AIM OF THE EXERCISE
Print each line exactly, from the one with "Fototapeta premium Bright" to the very last line of the listing, and keep the pictures out.

EXTRACTED ENTRIES
BEGIN
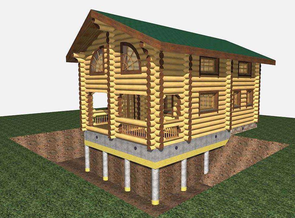 Столбчатый тип практически универсальный, хорошо оправдывает себя, как основа для любых щитовых домов или таунхаусов. Установка столбов происходит в специальные заранее пробурённые лунки, которые делаются по всему периметру здания. Расстояние между опорами рассчитывается индивидуально. Для опор используются натуральные материалы брёвна, природный камень и искусственные составляющие (трубы или железобетонные пасынки).
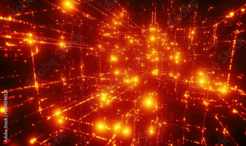 Fototapeta premium Bright glowing grid forms a network of orange lights.
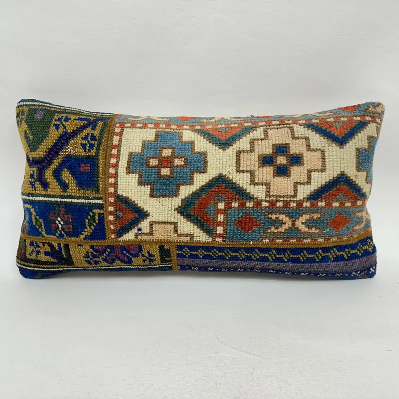 Blaues und beiges Patchwork-Wurfkissen, handgefertigtes besticktes Kissen
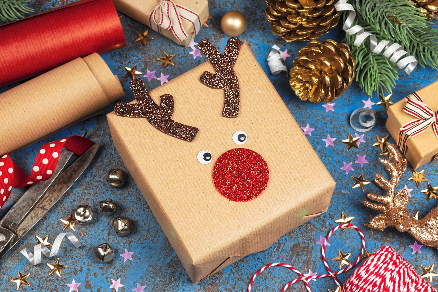 Популярная новогодняя и рождественская тема – северный олень – может найти свое воплощение и в декоре подарочной упаковки. Все очень просто – вырезаешь из цветной бумаги рожки, носик, глазки и наклеиваешь на обычную крафтовую бумагу. Так легким движением руки скучная обертка превращается в веселый сюрприз.
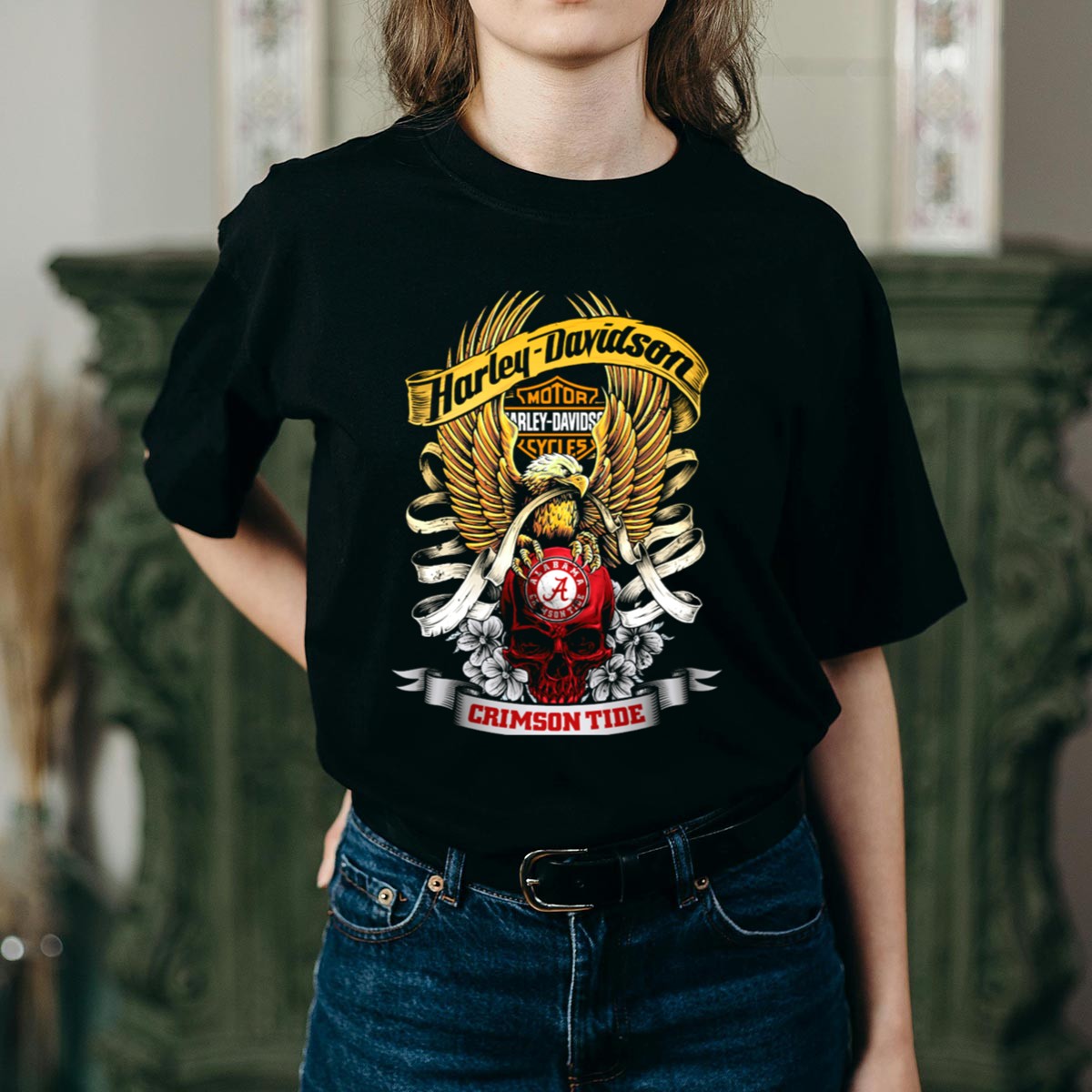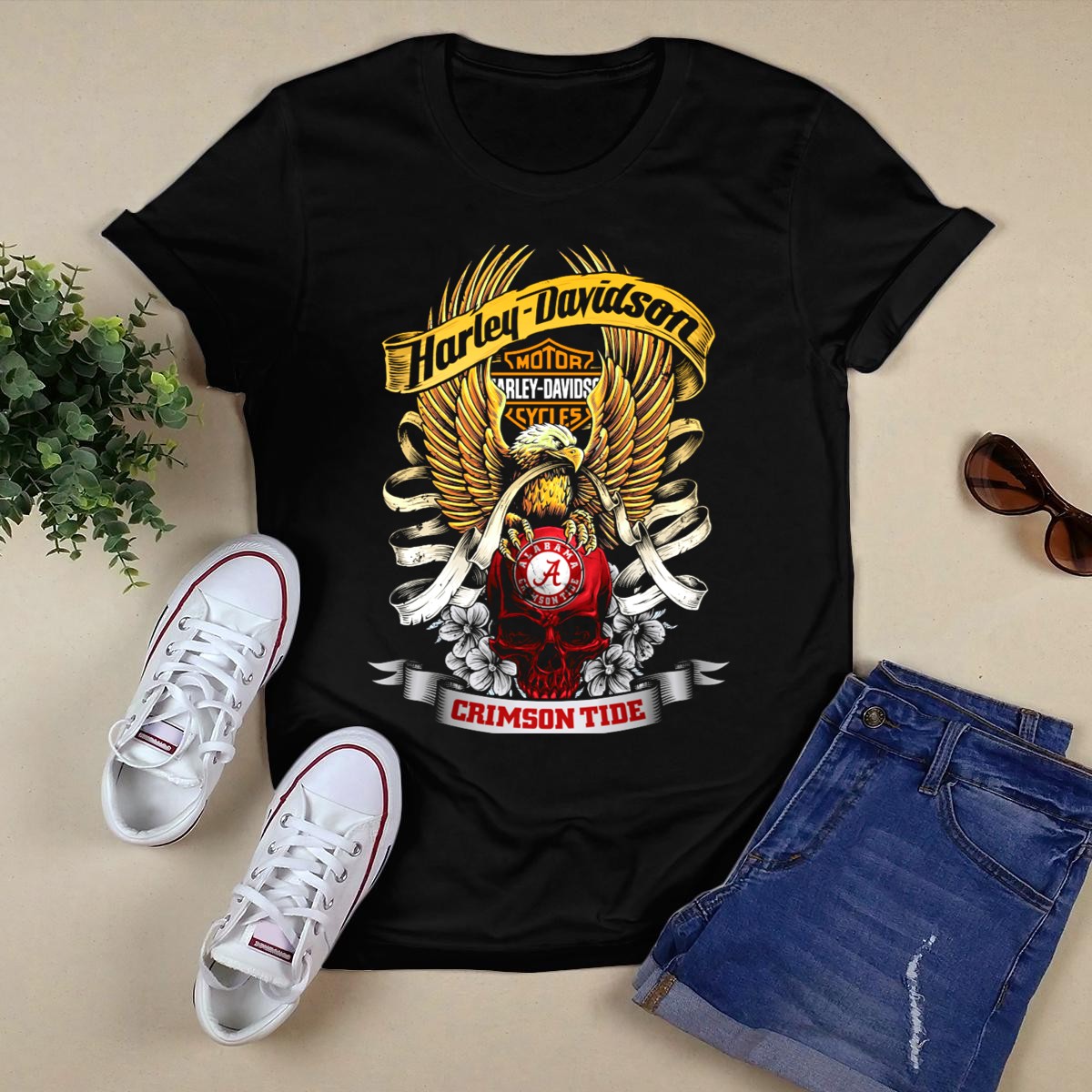 Show off your team spirit with this HD Alabama Crimson Tide 49Hd Eagles Skulls Roses T-Shirt, designed for die-hard fans who love to make a statement. Perfect for casual outings, game day celebrations, or themed events, this unique shirt combines bold graphics with a classic fit, ensuring you stand out while staying comfortable. Made in the USA, this fan-made design is a must-have for anyone looking to showcase their love for the Alabama Crimson Tide in style.
END
OUTPUT
 Fototapeta premium Bright glowing grid forms a network of orange lights.
 Blaues und beiges Patchwork-Wurfkissen, handgefertigtes besticktes Kissen
 Популярная новогодняя и рождественская тема – северный олень – может найти свое воплощение и в декоре подарочной упаковки. Все очень просто – вырезаешь из цветной бумаги рожки, носик, глазки и наклеиваешь на обычную крафтовую бумагу. Так легким движением руки скучная обертка превращается в веселый сюрприз.
 Show off your team spirit with this HD Alabama Crimson Tide 49Hd Eagles Skulls Roses T-Shirt, designed for die-hard fans who love to make a statement. Perfect for casual outings, game day celebrations, or themed events, this unique shirt combines bold graphics with a classic fit, ensuring you stand out while staying comfortable. Made in the USA, this fan-made design is a must-have for anyone looking to showcase their love for the Alabama Crimson Tide in style.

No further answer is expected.